Med. Intensiva vol.35 no.4  Mai. 2011

 

PUESTA AL DÍA EN MEDICINA INTENSIVA: NOVEDADES EN RESUCITACIÓN

 

Recomendaciones ILCOR 2010. El proceso de evaluación de la evidencia en resucitación

ILCOR 2010 recommendations. The evidence evaluation process in resuscitation

 

 

H. Martín-Hernándeza,b, J.B. López-Messaa,c, J.L. Pérez-Velaa,d y P. Herrero-Ansolaa,e

aComité Directivo PNRCP (SEMICYUC)
bHospital Galdakao-Usansolo, Galdácano, Vizcaya, España
cComplejo Asistencial de Palencia, Palencia, España
dHospital 12 de Octubre, Madrid, España
eServicio de Urgencias Médicas, SUMMA 112, Madrid, España

Dirección para correspondencia

 

 


RESUMEN

El documento de Consenso sobre la Ciencia de la Resucitación y Cuidados Cardiacos de Emergencia con Recomendaciones de Tratamiento del ILCOR constituye una herramienta inestimable para conocer de una manera rápida, sencilla y rigurosa la evidencia en la que se basan las Guías de Resucitación 2010. Se presenta el método que se ha utilizado en el procedimiento de revisión según la medicina basada en la evidencia, que puede considerarse un modelo a seguir para la utilización tanto individual como colectiva en la práctica clínica no sólo en el campo de la resucitación, sino en otras áreas de la medicina.

Palabras clave: Parada cardiaca, Resucitación, Niveles de evidencia, Tratamiento, Pronóstico, Diagnóstico.


ABSTRACT

The consensus document on the Science of Resuscitation and Emergency Cardiac Care with ILCOR Treatment Recommendations is an invaluable tool for quickly, simply and rigorously establishing the evidence on which the Resuscitation Guidelines 2010 are fundamented. We present a method that has been used in the review process according to evidence-based medicine, which can be considered a role model for both individual and collective use in clinical practice, not only in the field of resuscitation but also in other areas of medicine.

Key words: Cardiac arrest, Resuscitation, Levels of evidence, Treatment, Prognosis, Diagnosis.


 

Introducción

El 18 de octubre de 2010 se publicaron simultáneamente on-line las nuevas guías de resucitación cardiopulmonar (RCP) europeas y americanas que actualizan las que se publicaron en 2005 y mantienen el ciclo establecido de 5 años de cambios en ellas1. Las guías europeas se publicaron en la web www.erc.edu y la revista Resuscitation y las americanas en www.circ.ahajournals.org y en la revista Circulation, publicaciones oficiales del European Resuscitation Council (ERC) y de la American Heart Association (AHA), respectivamente. En las mismas fuentes puede encontrarse también desde ese mismo momento el Documento de Consenso Internacional sobre la Ciencia de la RCP con Recomendaciones de Tratamiento (CoSTR)2 2010 del ILCOR (International Liaison Committee on Resuscitation) en el que se han basado todas las organizaciones del mundo para elaborar su guías.
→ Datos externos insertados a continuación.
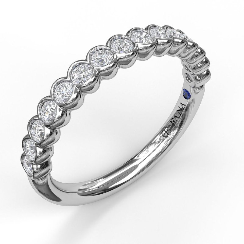 The band consists of all round brilliant cut diamonds. The diamonds are scalloped half bezel set across the top half of the band, completed in a high polished finish in 14K white gold.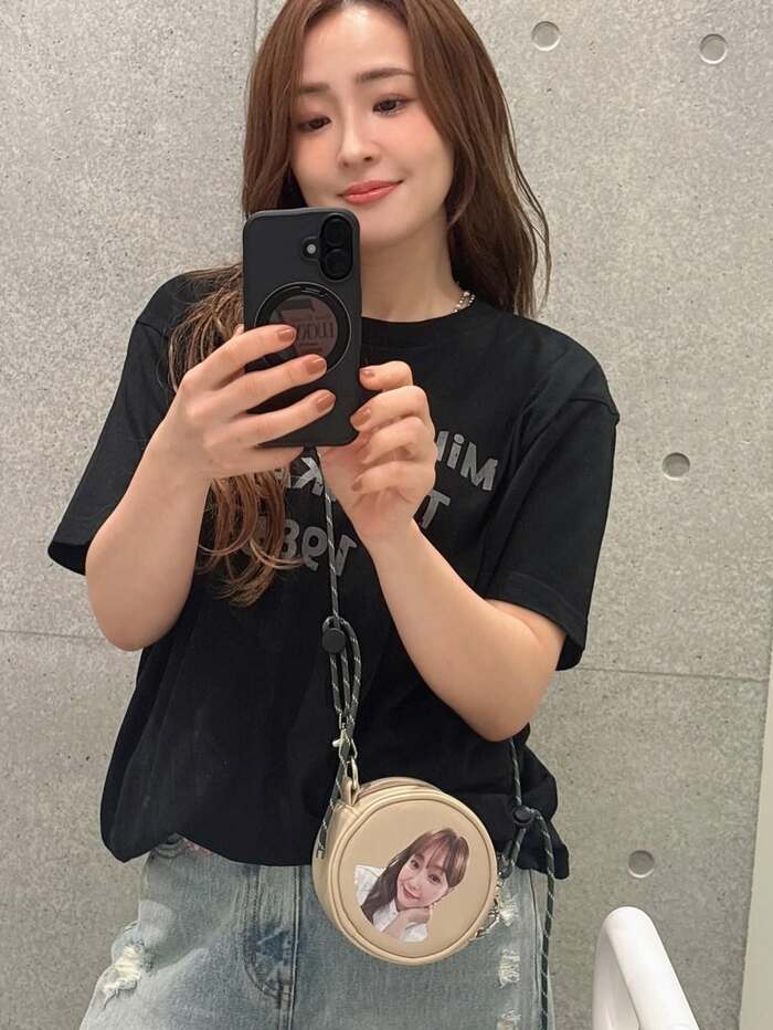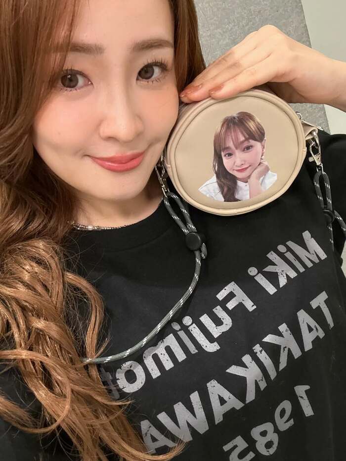 タレントの藤本美貴さんの顔がデザインされたベージュの丸バッグを掛けています!

La elaboración de las Recomendaciones ILCOR 2010 constituye en sí misma un proceso fascinante por la enormidad del esfuerzo desarrollado por cientos de expertos de todo el mundo con un grado de colaboración internacional y consenso global como no se ha producido nunca en ningún otro aspecto de la medicina y, probablemente, de ninguna otra actividad humana. Asimismo la metodología seguida para la búsqueda y evaluación de la evidencia pueden servir como modelo para avanzar en el desarrollo y la mejor comprensión de la actual «medicina basada en la evidencia». Por todo esto, nos ha parecido interesante dedicar este primer artículo de «Novedades en Resucitación» a revisar qué es el ILCOR y cómo ha sido el proceso de revisión y evaluación de la evidencia que ha cristalizado en el Documento de Consenso sobre la Ciencia de la Resucitación con Recomendaciones de Tratamiento (CoSTR) 2010.

 

¿Cómo hemos llegado hasta aquí?

En la actualidad se cumple medio siglo de la resucitación cardiopulmonar (RCP) moderna. Los artículos originales de respiración de rescate, compresiones torácicas y la combinación efectiva de ambas3-5, junto con la desfibrilación externa, crearon la base para elaborar una especie de primeras guías para el entrenamiento y realización de la RCP. En 1966 la Academia de Medicina de los Estados Unidos convocó la primera conferencia para revisar la evidencia disponible y recomendar normas para la aplicación de las técnicas de RCP y cuidados cardiovasculares de emergencia6. La Asociación Americana del Corazón (AHA) se encargó posteriormente de las conferencias posteriores para la elaboración de estándares en resucitación 1973 y 1979. De modo paralelo, comenzó a surgir un interés creciente en organizaciones de otros países que inevitablemente condujo a la aparición de variaciones en el modo de entrenamiento y aplicación de las técnicas en todo el mundo. La conciencia creciente de esta variabilidad en las prácticas de resucitación hizo surgir el interés en reunir a expertos de los diferentes países para lograr un consenso sobre el tema. Con este objetivo la AHA convocó una reunión en 1985, en la que invitó como observadores a expertos en RCP de muchos países, para la elaboración de las Normas y Guías de Resucitación y CCE de 19867. En esta conferencia se hizo patente que se podía aprender y mejorar mucho con la colaboración internacional, pero la elaboración de las guías siguió corriendo a cargo de los expertos de Norteamérica.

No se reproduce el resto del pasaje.